To this end, numerous unsupervised domain adaption (UDA) methods have been proposed to address the challenges involved above. The goal of UDA is to train a model based on the labeled source dataset, which can be generalized and applied to another related but unlabeled target dataset with different distributions. As for object detection situation, the problem is more intractable as it not only needs to identify but also requires to locate multiple objects in an image. Recently, many domain adaptive methods for object detection are proposed based on the adversarial paradigm (Chen et al., 2018, Wang et al., 2019b, Zhang et al., 2019a, Xu et al., 2020). These approaches force the feature extractor to extract the domain invariant features which cannot be distinguished by a domain discriminator. For instance, the method in Chen et al. (2018) and Xu et al. (2020) tries to align the features between the source and target domains at both global-level and instance-level features. Wang et al. (2019b) and Zhang et al. (2019a) use CycleGAN (Zhu et al., 2017) to force the alignment of the distribution between the two domains at the pixel and feature levels. Although these methods can reduce the distance between the two domains to a certain extent, straightforward feature matching may derivatives some domain deviation problems, because not all source data can be used for feature matching to transfer domain knowledge. Consequently, this kind of feature matching may only work well for two domains with a small gap. When the discrepancy of the distribution between domains becomes large, naively matching all features and images between domains will cause the notorious phenomena ‘negative transfer’.
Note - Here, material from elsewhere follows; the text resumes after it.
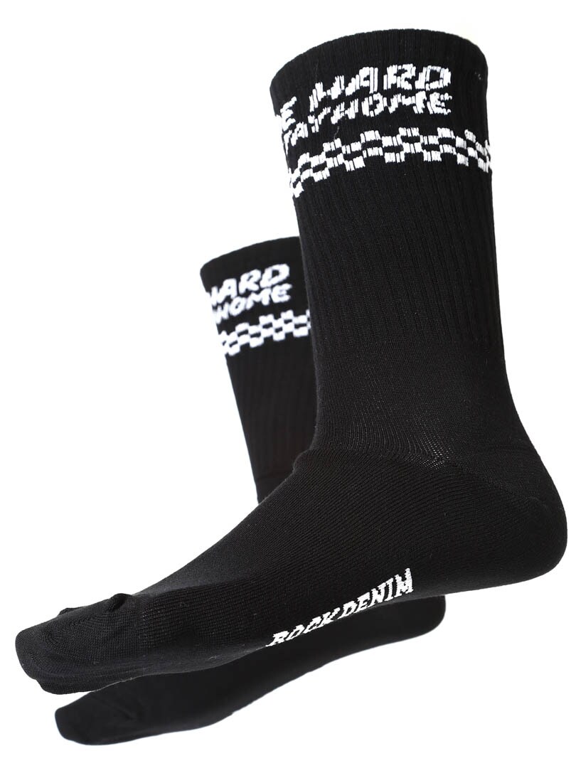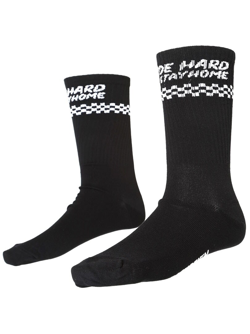 3-pakning med superkvalitets bambussokker med teksten "Ride hard or stay home"

Fortunately, a part of recent work in domain adaptive object detection has noticed the problem of full feature matching. At the global-level matching, selecting good images for transfer is realized in Saito et al. (2019) and Xie et al. (2019). Xie et al. (2019) aligns domains at multiple levels. Saito et al. (2019) uses the (FL) function (Lin et al., 2017) to perform weak alignment on global-level features and leverages an adversarial loss to perform strong alignment on local-level features(i.e., the regions on low-level features). However, the FL function’s focus is only to reduce the influence of many simple negative samples during training and to neglect the images with a significant domain divergence. The trained detection model will then not perform well on such images. Besides, only naive generative adversarial strategy is used for aligning the multi-level features in these methods, which cannot effectively reduce the cross-domain gap. Unlike them, the method in Zhu et al. (2019) only mines the significant instances to transfer. However, these instances are aligned at the ROI-Pooling based features, while the instances are independent representations of region features without information interaction, and the location accuracy of the instance cannot be guaranteed.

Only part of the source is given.